Assigned task:
When you write out the listing, keep each word exactly as it stands but include none of its images.

Supplied information:
┄┄┄┄┄┄
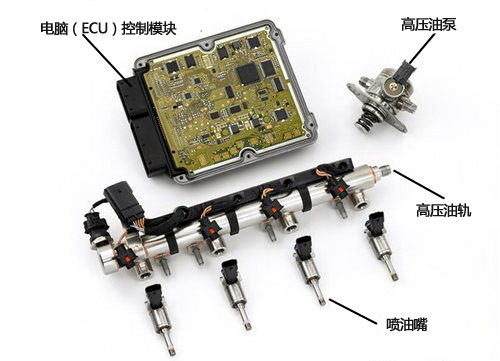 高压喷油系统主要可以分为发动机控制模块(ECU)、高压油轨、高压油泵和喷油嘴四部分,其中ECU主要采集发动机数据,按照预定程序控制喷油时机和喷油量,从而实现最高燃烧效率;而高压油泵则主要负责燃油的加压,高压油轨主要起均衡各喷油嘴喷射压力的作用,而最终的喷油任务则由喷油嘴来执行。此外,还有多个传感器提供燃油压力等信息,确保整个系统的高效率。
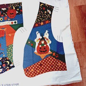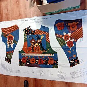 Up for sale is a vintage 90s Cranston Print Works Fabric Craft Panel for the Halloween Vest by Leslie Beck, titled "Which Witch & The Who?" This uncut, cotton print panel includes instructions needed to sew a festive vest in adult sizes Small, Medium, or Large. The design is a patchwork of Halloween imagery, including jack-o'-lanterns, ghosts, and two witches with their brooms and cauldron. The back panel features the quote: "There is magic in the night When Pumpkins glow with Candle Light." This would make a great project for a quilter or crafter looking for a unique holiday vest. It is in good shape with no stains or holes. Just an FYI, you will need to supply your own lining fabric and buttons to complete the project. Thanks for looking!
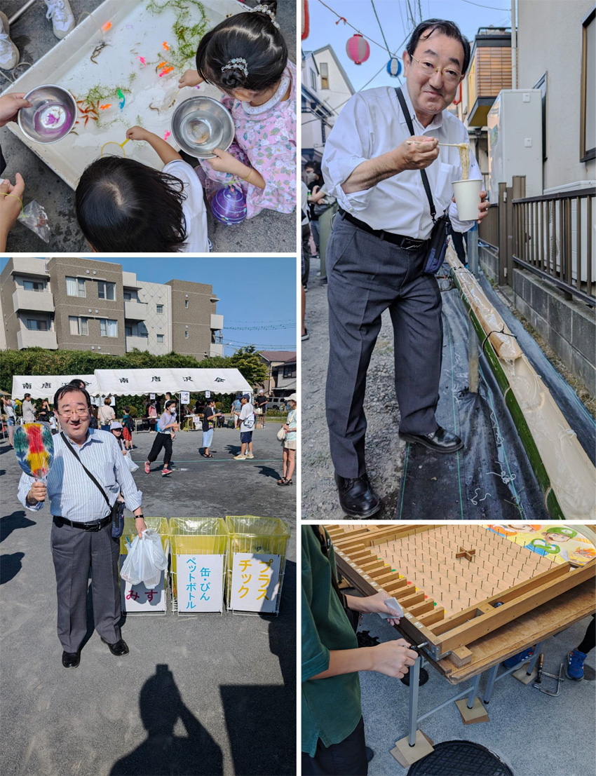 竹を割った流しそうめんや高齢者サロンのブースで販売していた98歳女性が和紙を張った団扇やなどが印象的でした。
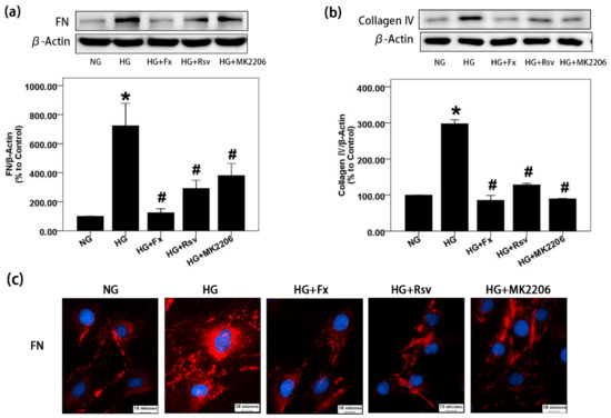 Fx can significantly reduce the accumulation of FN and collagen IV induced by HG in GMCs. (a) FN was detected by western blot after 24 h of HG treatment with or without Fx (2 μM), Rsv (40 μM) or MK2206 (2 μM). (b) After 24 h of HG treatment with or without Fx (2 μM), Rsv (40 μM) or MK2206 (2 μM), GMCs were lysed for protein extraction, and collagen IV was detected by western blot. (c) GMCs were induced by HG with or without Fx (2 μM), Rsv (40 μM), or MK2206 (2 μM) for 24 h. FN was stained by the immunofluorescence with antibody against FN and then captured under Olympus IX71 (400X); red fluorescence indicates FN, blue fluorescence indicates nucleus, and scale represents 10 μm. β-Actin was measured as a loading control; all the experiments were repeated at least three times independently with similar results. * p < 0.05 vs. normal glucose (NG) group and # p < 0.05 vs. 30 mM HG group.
┄┄┄┄┄┄
Result of this exercise:
 高压喷油系统主要可以分为发动机控制模块(ECU)、高压油轨、高压油泵和喷油嘴四部分,其中ECU主要采集发动机数据,按照预定程序控制喷油时机和喷油量,从而实现最高燃烧效率;而高压油泵则主要负责燃油的加压,高压油轨主要起均衡各喷油嘴喷射压力的作用,而最终的喷油任务则由喷油嘴来执行。此外,还有多个传感器提供燃油压力等信息,确保整个系统的高效率。
 Up for sale is a vintage 90s Cranston Print Works Fabric Craft Panel for the Halloween Vest by Leslie Beck, titled "Which Witch & The Who?" This uncut, cotton print panel includes instructions needed to sew a festive vest in adult sizes Small, Medium, or Large. The design is a patchwork of Halloween imagery, including jack-o'-lanterns, ghosts, and two witches with their brooms and cauldron. The back panel features the quote: "There is magic in the night When Pumpkins glow with Candle Light." This would make a great project for a quilter or crafter looking for a unique holiday vest. It is in good shape with no stains or holes. Just an FYI, you will need to supply your own lining fabric and buttons to complete the project. Thanks for looking!
 竹を割った流しそうめんや高齢者サロンのブースで販売していた98歳女性が和紙を張った団扇やなどが印象的でした。
 Fx can significantly reduce the accumulation of FN and collagen IV induced by HG in GMCs. (a) FN was detected by western blot after 24 h of HG treatment with or without Fx (2 μM), Rsv (40 μM) or MK2206 (2 μM). (b) After 24 h of HG treatment with or without Fx (2 μM), Rsv (40 μM) or MK2206 (2 μM), GMCs were lysed for protein extraction, and collagen IV was detected by western blot. (c) GMCs were induced by HG with or without Fx (2 μM), Rsv (40 μM), or MK2206 (2 μM) for 24 h. FN was stained by the immunofluorescence with antibody against FN and then captured under Olympus IX71 (400X); red fluorescence indicates FN, blue fluorescence indicates nucleus, and scale represents 10 μm. β-Actin was measured as a loading control; all the experiments were repeated at least three times independently with similar results. * p < 0.05 vs. normal glucose (NG) group and # p < 0.05 vs. 30 mM HG group.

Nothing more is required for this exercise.